This page summarizes some errors that may occur related to the Azure AISearch Vector Store Provider.
Executing an operation against the index, for example trying to ingest a document the following error occurs
Failed to delete GUID An index with the name 'some_name' in service 'azure-service-name' could not be created.
Index quota has been exceeded for this service.
You must either delete unused indexes first, add a delay between index creation requests, or upgrade the service for higher limits. Maximum number of indexes allowed: 3
Check your Azure AI service tier and update it accordingly.

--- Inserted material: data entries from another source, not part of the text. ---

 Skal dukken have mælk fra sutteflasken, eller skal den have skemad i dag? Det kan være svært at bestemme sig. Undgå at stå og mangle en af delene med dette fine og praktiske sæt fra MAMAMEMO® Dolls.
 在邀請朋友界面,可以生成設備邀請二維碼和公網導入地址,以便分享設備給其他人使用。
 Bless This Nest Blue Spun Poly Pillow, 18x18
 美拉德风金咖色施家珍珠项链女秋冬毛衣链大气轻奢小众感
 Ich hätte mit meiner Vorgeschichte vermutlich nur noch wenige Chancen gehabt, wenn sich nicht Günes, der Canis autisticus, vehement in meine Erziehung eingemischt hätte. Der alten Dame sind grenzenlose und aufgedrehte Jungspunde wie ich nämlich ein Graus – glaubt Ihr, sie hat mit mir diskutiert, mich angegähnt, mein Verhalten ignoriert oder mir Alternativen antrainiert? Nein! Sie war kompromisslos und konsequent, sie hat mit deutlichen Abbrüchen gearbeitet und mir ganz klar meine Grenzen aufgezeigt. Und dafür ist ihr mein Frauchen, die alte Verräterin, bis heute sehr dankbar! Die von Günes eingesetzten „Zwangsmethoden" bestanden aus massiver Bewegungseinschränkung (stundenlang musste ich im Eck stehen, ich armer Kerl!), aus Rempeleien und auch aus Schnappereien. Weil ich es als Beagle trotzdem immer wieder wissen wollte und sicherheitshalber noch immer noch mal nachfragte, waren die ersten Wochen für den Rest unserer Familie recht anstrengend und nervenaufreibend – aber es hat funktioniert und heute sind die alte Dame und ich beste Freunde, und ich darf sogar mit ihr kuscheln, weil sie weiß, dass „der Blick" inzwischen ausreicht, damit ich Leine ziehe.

Consider that each RAG Assistant will use an AI Search index.
The following error appears:
401 Access denied due to invalid subscription key or wrong API endpoint.

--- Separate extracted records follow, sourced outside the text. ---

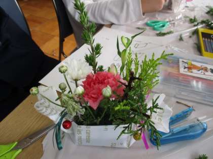 1時間の授業ででき上がり、「フラワーケーキ」として家に持ち帰ることができるので、子どもたちは大喜びでした。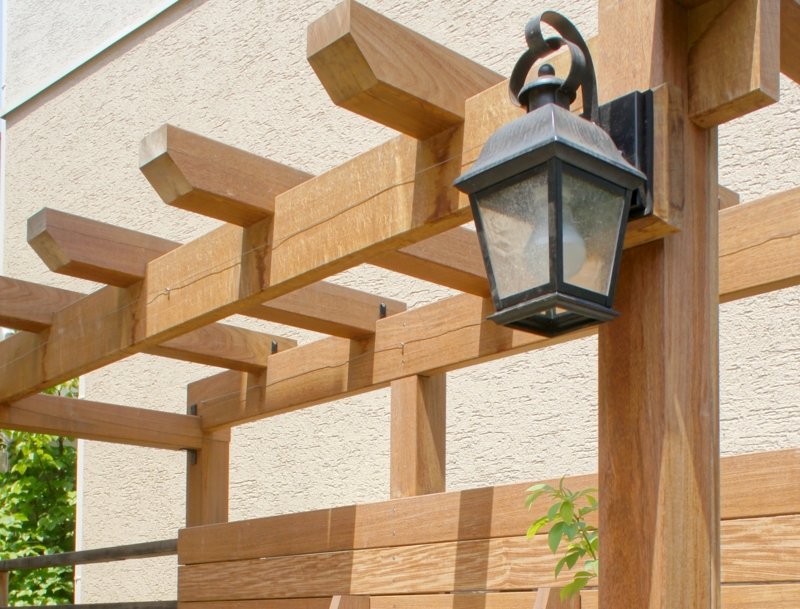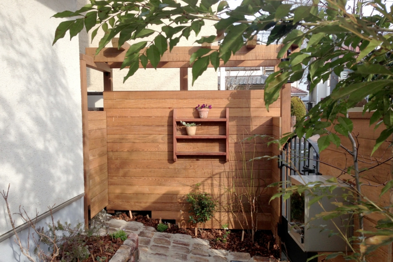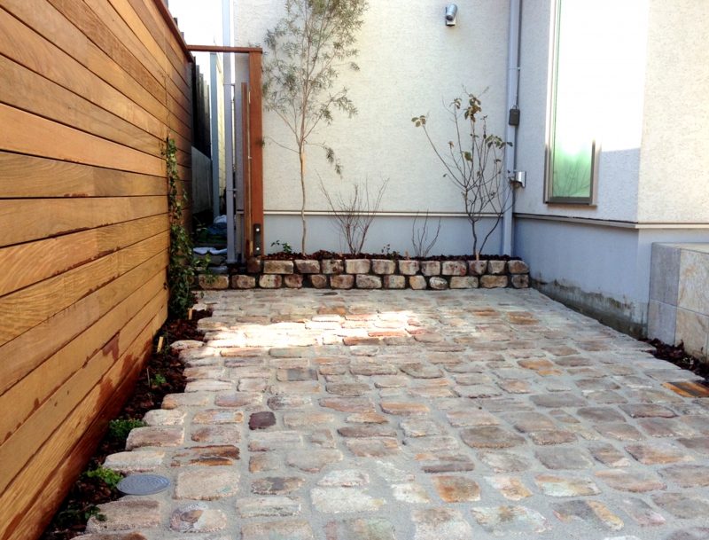 道路に面したエントランスと駐車場を、玄関扉に合わせた色合いのイペ材を使用して、フェンスや機能門柱をつくりました。ゲートはロートアイアンで製作し、床は通常よりも大きなレンガを敷き詰め、明るい目地材で仕上げました。ポーチの目隠しに株立のシマトネリコやジューンべリー、フェンスにはアイビーやクレマチスを誘引し、イペ材の経年変化と共にグリーンが増え、より柔らかい印象になっていきます。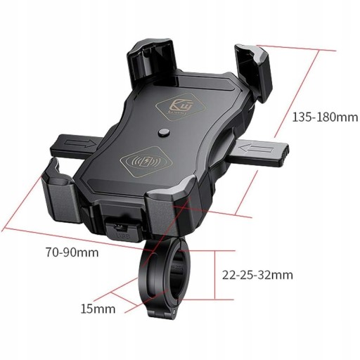 ▶️Uchwyt motocyklowy Kewig z ładowarką indukcyjną QI 15W, na telefon na rower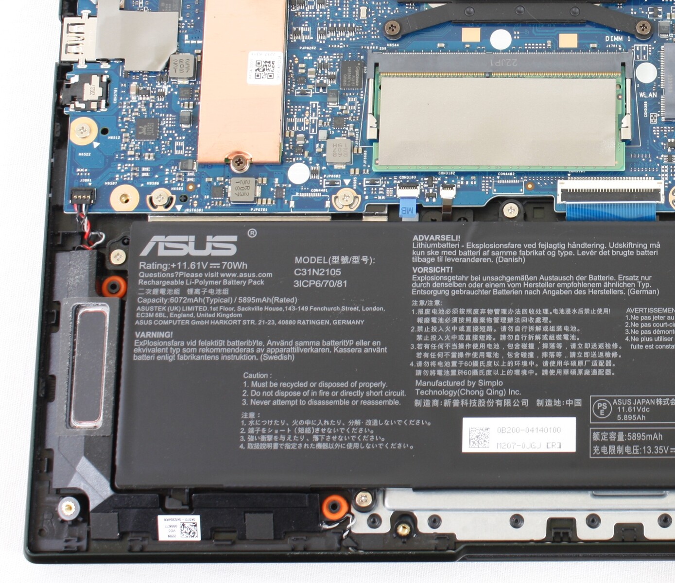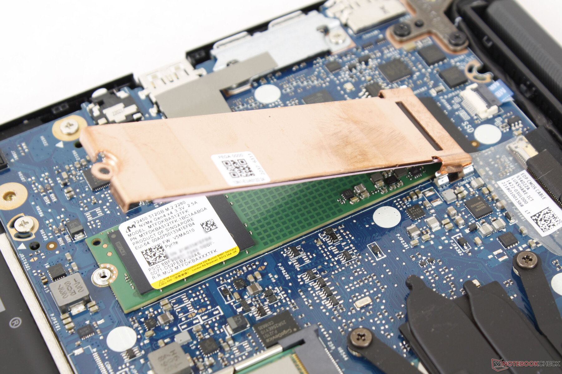 Die Bodenplatte ist mit zehn T5-Torx-Schrauben gesichert, die leicht entfernt werden können, da keine Schrauben unter dem Gummifuß verborgen sind. Die Benutzer haben direkten Zugriff auf den einzelnen DDR4-SODIMM-Steckplatz, das M.2 2230-WLAN-Modul und den M.2 2280-Speichersteckplatz, ohne Garantieaufkleber brechen zu müssen.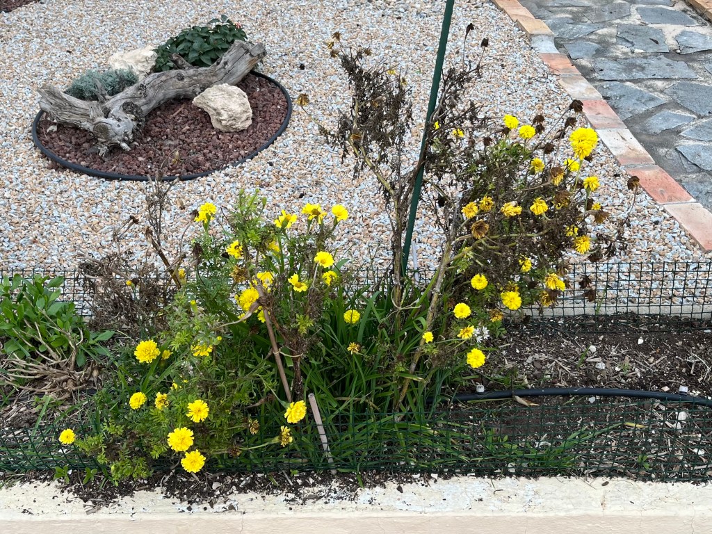 The photos below show my yuccas and other succulents peeled and shorn ready for wintry gusts.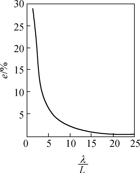 由上式可知,测量误差 e 与应变波长对基长的相对比值 n = λ / L 有关,其关系曲线如图2-8所示。 λ / L 愈大,误差 e 愈小。一般可取 λ / L =10~20,其误差 e 小于1.6%~0.4%。又有 f = v /( nL ),即 n 愈大,工作频率愈高。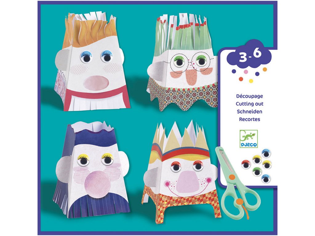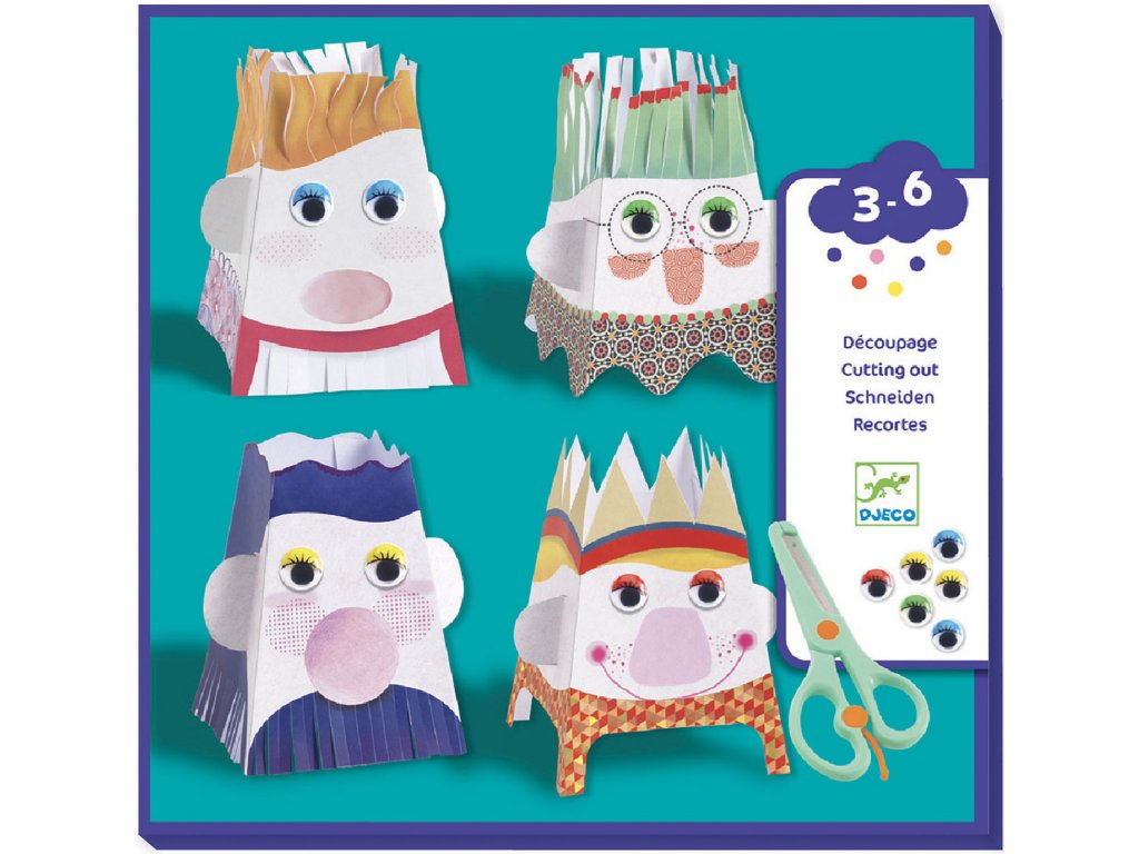 Kreativní sada Účesy - tvoření nůžkami od firmy Djeco provede děti základy stříhání. Postupně si vytvoří 12 papírových postaviček, kterým střihnou ten správný účes a vyberou perfektně padnoucí oči.

Make sure to provide a valid key for an active subscription and use a correct regional API endpoint for your resource.
Check with the provider that the vectorstore BaseURL and associated API Key matches your subscription.
The following error appears:
Semantic search is not enabled for this service
Parameter name: queryType
Verify your Azure Cognitive services subscription, the Free tier does not support using the semantic_hybrid search option, you need to enable the Semantic Ranker.

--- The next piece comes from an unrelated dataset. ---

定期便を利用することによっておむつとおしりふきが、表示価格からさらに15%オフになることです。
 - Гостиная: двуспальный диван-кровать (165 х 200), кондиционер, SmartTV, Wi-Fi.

Check with the provider that the vectorstore BaseURL and associated API Key matches your subscription.
The following error appears:
Failed to ingest document data Invalid filter key format
This error indicates that the value used for the document Key field contains unsupported characters. In Azure AI Search, key values must follow the allowed format and cannot contain spaces.
Check the metadata field mapped as the document key and ensure its value complies with Azure AI Search restrictions. For example, "my sample" is not valid as a key value.
If necessary, replace spaces and other unsupported characters before uploading the document. For more details, see the Azure AI Search documentation here.